* [EXERCISE REQUIREMENTS]:
A faithful, complete transcript of the entries below, without pictures, should be returned.

======

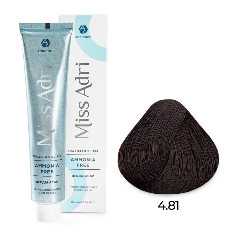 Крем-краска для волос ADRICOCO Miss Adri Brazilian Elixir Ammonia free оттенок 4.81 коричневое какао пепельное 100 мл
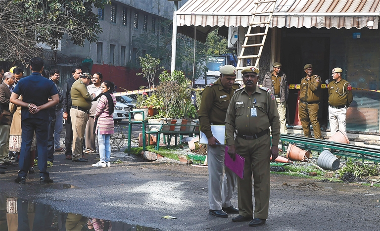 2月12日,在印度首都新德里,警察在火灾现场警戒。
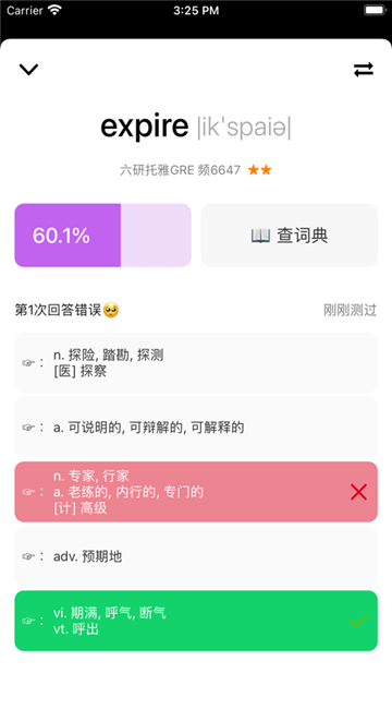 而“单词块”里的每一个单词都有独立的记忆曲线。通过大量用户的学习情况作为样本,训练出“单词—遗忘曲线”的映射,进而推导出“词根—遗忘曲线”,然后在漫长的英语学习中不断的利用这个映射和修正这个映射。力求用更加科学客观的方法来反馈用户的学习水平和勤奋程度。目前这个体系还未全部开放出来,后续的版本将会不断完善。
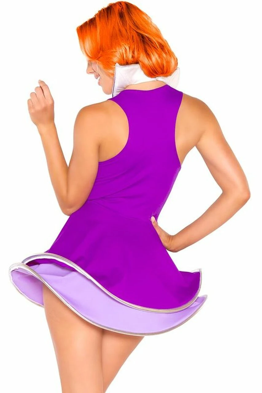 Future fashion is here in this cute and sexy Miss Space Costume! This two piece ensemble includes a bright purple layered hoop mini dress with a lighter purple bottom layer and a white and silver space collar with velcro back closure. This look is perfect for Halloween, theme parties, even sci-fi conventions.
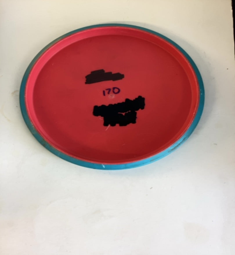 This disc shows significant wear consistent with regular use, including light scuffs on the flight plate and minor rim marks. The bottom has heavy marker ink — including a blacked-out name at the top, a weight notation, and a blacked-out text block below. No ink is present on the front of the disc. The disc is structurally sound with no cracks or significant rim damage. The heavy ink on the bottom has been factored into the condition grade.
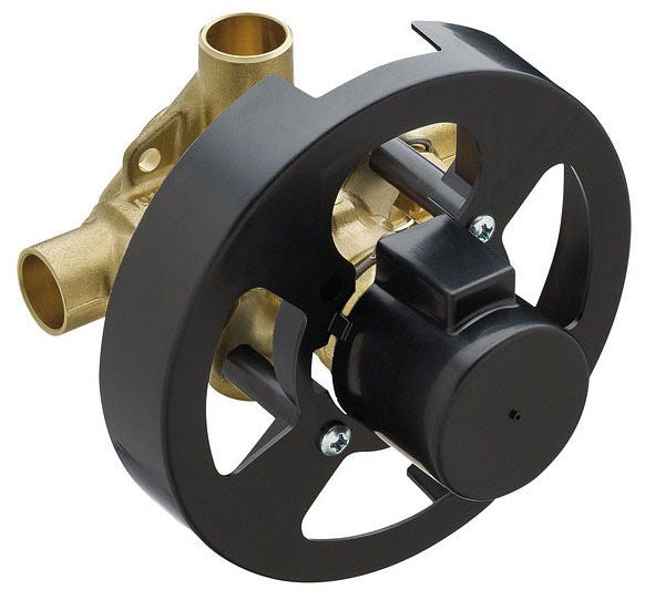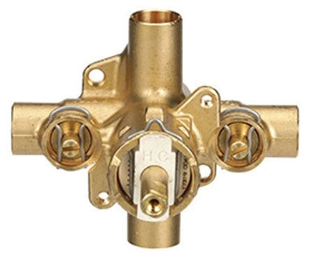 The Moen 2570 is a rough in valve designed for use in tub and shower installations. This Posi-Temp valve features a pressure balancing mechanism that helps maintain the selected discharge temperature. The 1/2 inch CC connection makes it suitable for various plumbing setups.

======

* [REPLY TO THE TASK]:
 Крем-краска для волос ADRICOCO Miss Adri Brazilian Elixir Ammonia free оттенок 4.81 коричневое какао пепельное 100 мл
 2月12日,在印度首都新德里,警察在火灾现场警戒。
 而“单词块”里的每一个单词都有独立的记忆曲线。通过大量用户的学习情况作为样本,训练出“单词—遗忘曲线”的映射,进而推导出“词根—遗忘曲线”,然后在漫长的英语学习中不断的利用这个映射和修正这个映射。力求用更加科学客观的方法来反馈用户的学习水平和勤奋程度。目前这个体系还未全部开放出来,后续的版本将会不断完善。
 Future fashion is here in this cute and sexy Miss Space Costume! This two piece ensemble includes a bright purple layered hoop mini dress with a lighter purple bottom layer and a white and silver space collar with velcro back closure. This look is perfect for Halloween, theme parties, even sci-fi conventions.
 This disc shows significant wear consistent with regular use, including light scuffs on the flight plate and minor rim marks. The bottom has heavy marker ink — including a blacked-out name at the top, a weight notation, and a blacked-out text block below. No ink is present on the front of the disc. The disc is structurally sound with no cracks or significant rim damage. The heavy ink on the bottom has been factored into the condition grade.
 The Moen 2570 is a rough in valve designed for use in tub and shower installations. This Posi-Temp valve features a pressure balancing mechanism that helps maintain the selected discharge temperature. The 1/2 inch CC connection makes it suitable for various plumbing setups.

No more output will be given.